▶ **HOW TO COMPLETE THIS TASK**
Your output should be the lines below from the one with "Charles I (1625-49), Civil" through the one with "1月13日,学校2026年第", copied exactly, pictures excluded.

▶ **ENTRIES SUPPLIED**

-- -- --

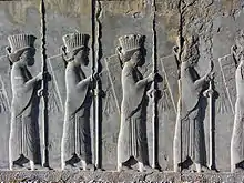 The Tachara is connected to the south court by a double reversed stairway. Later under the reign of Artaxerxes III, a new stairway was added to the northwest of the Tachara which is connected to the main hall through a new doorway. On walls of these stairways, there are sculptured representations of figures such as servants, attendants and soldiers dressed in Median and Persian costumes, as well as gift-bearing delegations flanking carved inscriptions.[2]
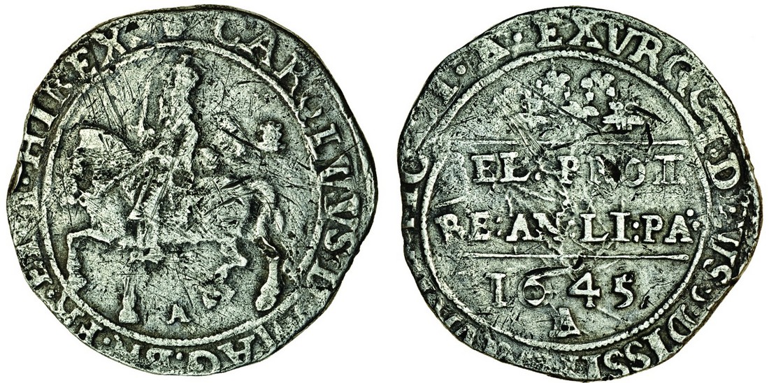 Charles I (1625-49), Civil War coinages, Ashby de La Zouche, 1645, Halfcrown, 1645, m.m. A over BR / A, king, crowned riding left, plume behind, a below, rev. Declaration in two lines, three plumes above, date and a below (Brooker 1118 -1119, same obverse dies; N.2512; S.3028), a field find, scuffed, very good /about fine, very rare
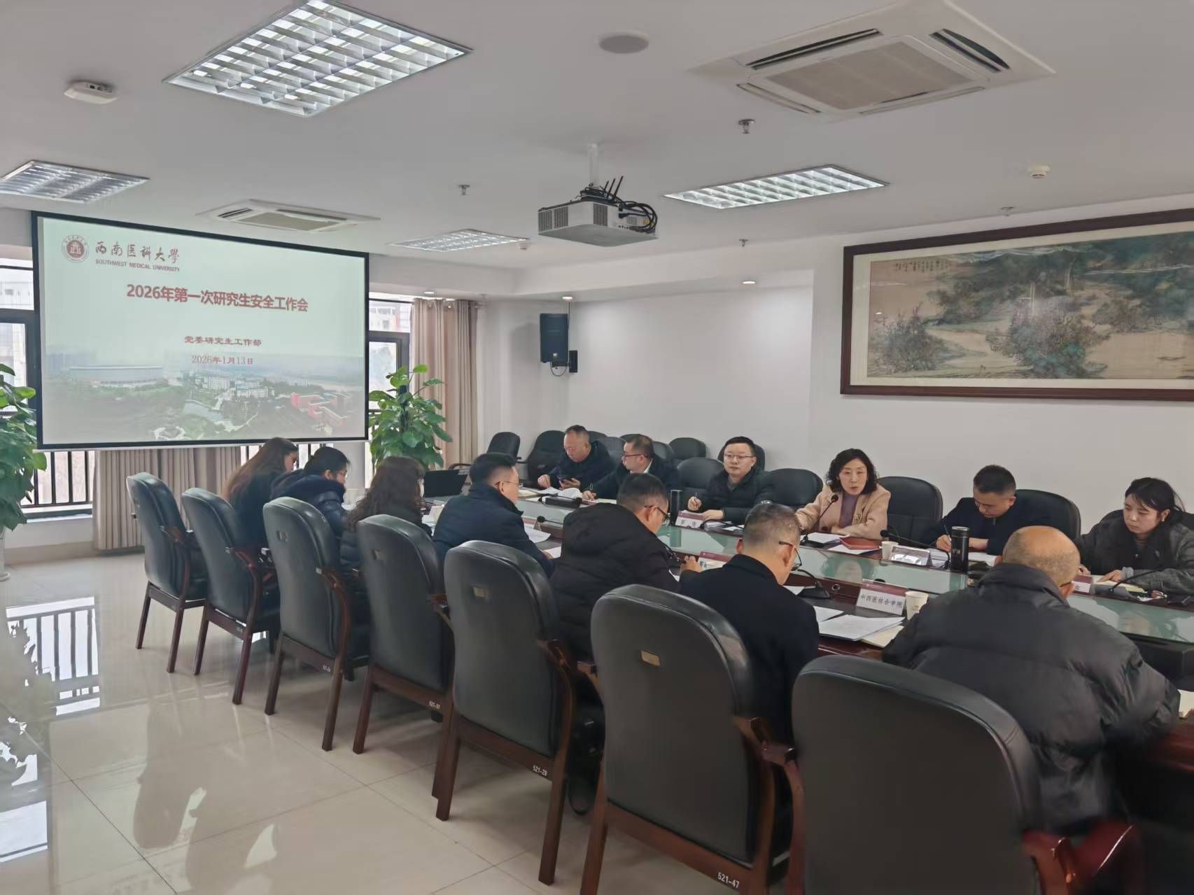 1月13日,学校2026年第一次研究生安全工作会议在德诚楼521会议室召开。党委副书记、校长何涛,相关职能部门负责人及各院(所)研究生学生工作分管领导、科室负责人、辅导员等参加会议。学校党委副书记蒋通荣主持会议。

-- -- --

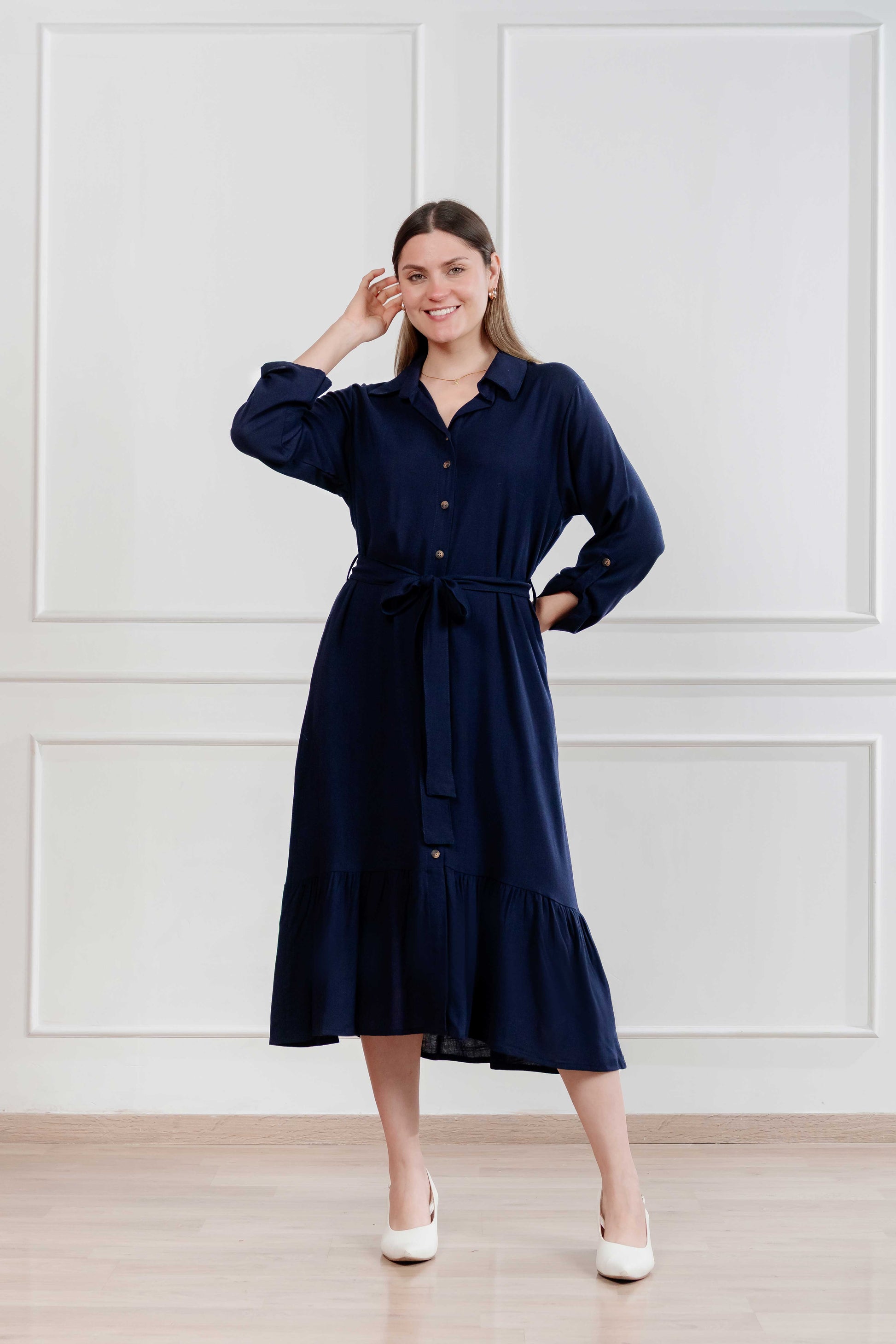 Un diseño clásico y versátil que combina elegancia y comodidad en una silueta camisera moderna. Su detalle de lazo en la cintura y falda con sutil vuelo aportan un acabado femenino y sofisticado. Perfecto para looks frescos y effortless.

-- -- --

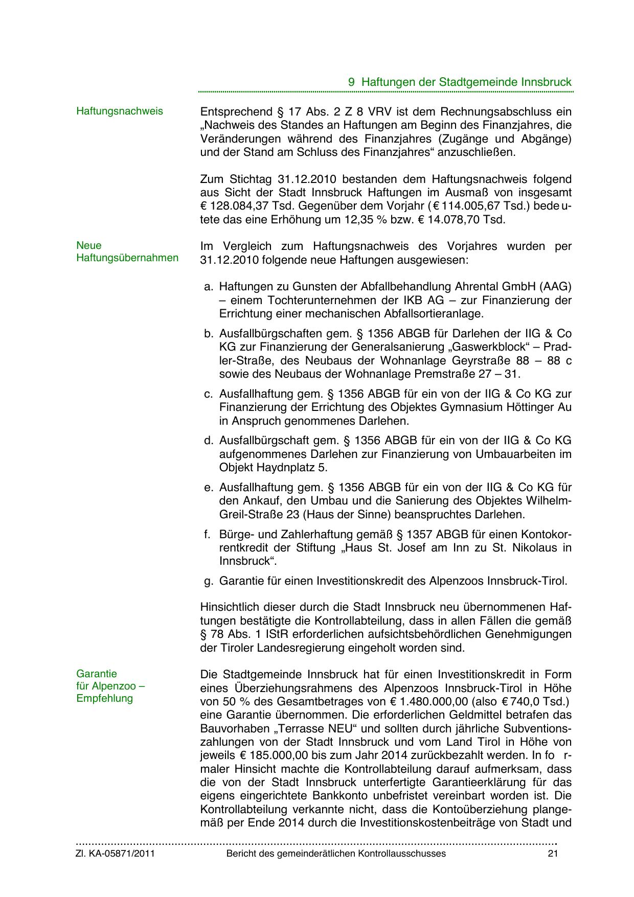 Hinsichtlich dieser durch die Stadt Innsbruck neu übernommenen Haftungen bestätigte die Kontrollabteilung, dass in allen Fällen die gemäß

-- -- --

▶ **SOLUTION FOR THIS PROBLEM**
 Charles I (1625-49), Civil War coinages, Ashby de La Zouche, 1645, Halfcrown, 1645, m.m. A over BR / A, king, crowned riding left, plume behind, a below, rev. Declaration in two lines, three plumes above, date and a below (Brooker 1118 -1119, same obverse dies; N.2512; S.3028), a field find, scuffed, very good /about fine, very rare
 1月13日,学校2026年第一次研究生安全工作会议在德诚楼521会议室召开。党委副书记、校长何涛,相关职能部门负责人及各院(所)研究生学生工作分管领导、科室负责人、辅导员等参加会议。学校党委副书记蒋通荣主持会议。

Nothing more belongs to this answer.